IN THIS ARTICLE YOU WILL:

Observed Power, sometimes called "post hoc power" or "retrospective power," is a metric that attempts to estimate how likely your test was to detect a real difference between variations, based on the data observed after your test has concluded.

Convert has introduced Observed Power in its reports for transparency and completeness, but it is important to interpret this metric with caution.

🔍 What Is Observed Power?

Observed Power is a calculation based on your test's:

  • Observed effect size
  • Sample size (number of visitors)
  • Variance in the data
  • Confidence level used in the test

It estimates the probability that the test could detect the observed effect size if the test were repeated under similar conditions. In simple terms, it tries to answer the question: "Given the test results, how likely was it that we could detect an effect if one truly existed?"
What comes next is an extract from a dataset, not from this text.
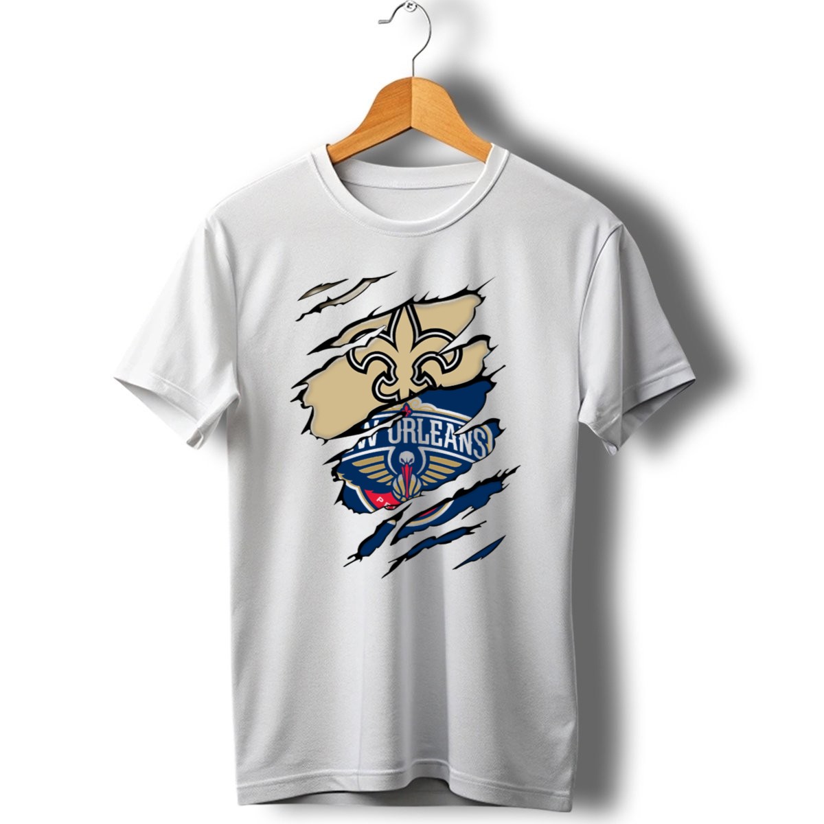 Show off your love for New Orleans with our fan-made Pelicans Fleur De Lis Rip T-Shirt! Perfect for die-hard fans and casual wearers alike, this classic tee is ideal for game days, themed events, or simply enjoying a day out in the city. Crafted for comfort and style, it features a unique design that celebrates the vibrant culture of New Orleans, making it a standout piece in any wardrobe.
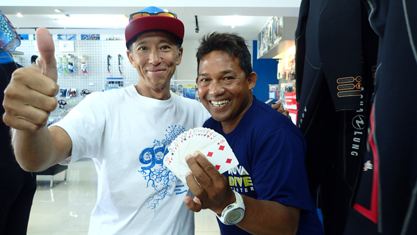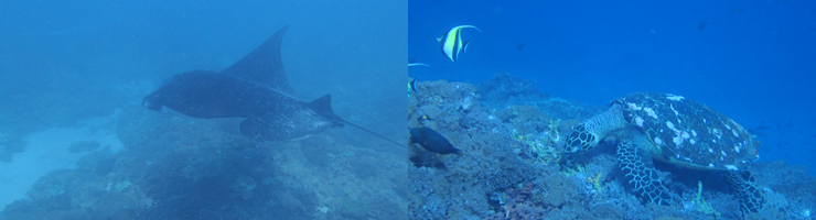 さて、旅行は後半戦、バリに戻ってダイビングが待っています。ここ何年も潜っていないし、足もまだ完全ではないので不安が残ります。 ダイビング当日、私の他に70前のおじさん?とオーストラリア人の男女が一緒でした。ガイドさんは日本語をしゃべる人で夜はマジシャンをしているそうです。カードを使ったマジックを披露してくれたり中々楽しい人でした。久しぶりのダイビングはウミガメ、マンタなども観ることができ足への負担もあまり気にせずできたので本当に良かったです。感動感動!

📊 Where Is Observed Power Displayed?

Observed Power is not displayed by default in the Convert Experience Report.

  • You can choose to display it manually by selecting it in the report table.
  • When shown, it appears with an information icon.
    op1

    op2
  • This ensures users understand its advisory role in decision making.

🔢 How to Interpret Observed Power

  • High Observed Power (> 0.80): Suggests the test had sufficient sample size and a strong enough effect size to confidently detect differences, if any.
  • Low Observed Power (< 0.80): Suggests the test may not have had enough data to detect an effect, even if one existed. This often results from:
    • High variance in the data
    • Small sample sizes
    • Small actual effect sizes

⚠️ Why Caution Is Important

Statistical experts warn against over-relying on Observed Power because:

  1. It's Redundant: Observed Power is a direct mathematical function of the p-value. Interpreting both together adds no new insight.
  2. It Can Be Misleading: It may wrongly indicate that a statistically significant result is untrustworthy just because observed power is low.
  3. It Encourages Peeking: Using observed power to decide whether to extend a test introduces a high risk of inflating the false positive rate (Type I error).

Using observed power as a decision-making tool can lead to practices that damage the statistical integrity of your experiments.

For a detailed critique, see this in-depth analysis.

📘 Best Practices

  • Do not require high Observed Power to validate a statistically significant result. A significant result is already enough to reject the null hypothesis under standard conditions.
  • Use Observed Power as an optional, informational metric—not a determinant for test validity.
  • Consider Variance: If you must interpret Observed Power, also examine the variance of the metric being tested, as high variance can suppress observed power despite a large sample size.

Use Smart Recommendations: Convert’s Smart Recommendations will guide you on whether to extend or conclude a test based on reliable indicators like significance, lift, and improvement.

📋 Summary

Observed Power is now available in Convert Experience Reports to enhance transparency. However, it should be used with a clear understanding of its limitations and risks.

Use it as a supplementary tool, not a guiding metric.